Though adapted from their London stage success, Jeremy Dyson and Andy Nyman’s “Ghost Stories” follows in the footsteps of the 1945 anthology chiller “Dead of Night,” one of the rare Ealing Studio classics that wasn’t a comedy. It consists of three creepy tales of supernatural occurrences connected by a wraparound narrative.
That thread follows Philip Goodman (Nyman), a professor and self-styled debunker of fake mediums and other such phonies, approached by an old idol of his, long thought dead but merely a recluse, to investigate three cases he’d never been able to resolve to his satisfaction. So off Goldman goes.
The initial episode finds him interviewing a belligerent fellow (Paul Whitehouse), who was visited by an apparition from his own tragic past when serving as a security guard at a derelict asylum that once housed female patients. The second takes him to the house that a near-hysterical young man (Alex Lawther) shares with his unsupportive parents; he relates a terrifying car trip through the woods, when he was attacked by a strange creature. Finally Goodman talks with a smug, condescending businessman (Martin Freeman), who, over the course of a ramble through the fields to his gun shed, describes how a poltergeist invaded the nursery he and his wife had prepared for their expected child.
In the course of these investigations, flashbacks reveal something of what drives Goodman—especially his unhappy childhood with a rigorous Jewish father. But his personal issues come to the fore in the final act, when he must relive a traumatic episode from his adolescence that, it is finally revealed, has had a profound impact on his life.

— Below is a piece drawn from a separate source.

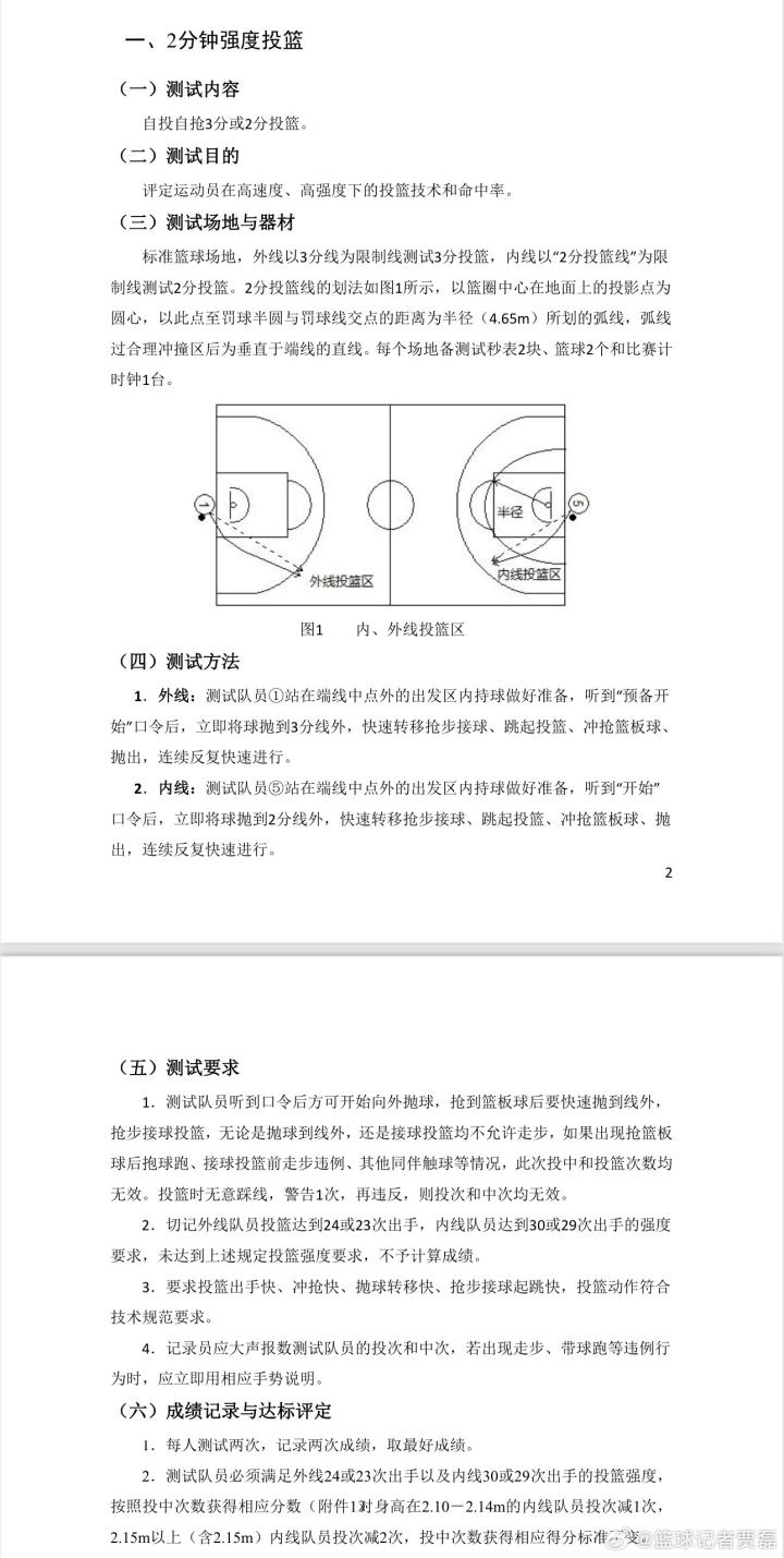 强度投篮测试要求外线队员在测试中投篮达到24或23次出手,每人测试两次,取最好成绩。”

The final twist, which ties everything together, is actually rather lame, but along the way to it the film offers a number of genuinely scary moments as well as considerable tension building up to them. The script also contains a good deal of humor, much of it provided by Freeman’s waspish delivery. Even better, though, is Lawther, who uses his moon-like face and bulging eyes to paint a hilarious portrait of a kid just on this side of full dementia. Whitehouse is fine as well, and while Nyman occasionally seems a mite uncomfortable, overall he conveys Goodman’s gradual deterioration as he makes his way through the cases he’s become committed to.
Without knowing how “Ghost Stories” worked on stage, with effects that must have been highly theatrical, it’s apparent that it’s been opened up fairly successfully for the screen. There are plenty of outdoor scenes, and the scares are achieved cinematically, through canny camera movement (by Ole Bratt Birkeland), moody editing (Billy Sneddon), atmospheric production design (Grant Montgomery) and brooding music (Haim Frank Ilfman). The roots are there, in terms of the long dialogue sequences and a closing turn that has a long history on stage and isn’t really suited to film, but at least they’ve been camouflaged fairly cleverly.
“Ghost Story” manages to be agreeably creepy and amusing. It won’t stick in the memory in the way “Dead of Night” does, but it provides some real, if passing, chills.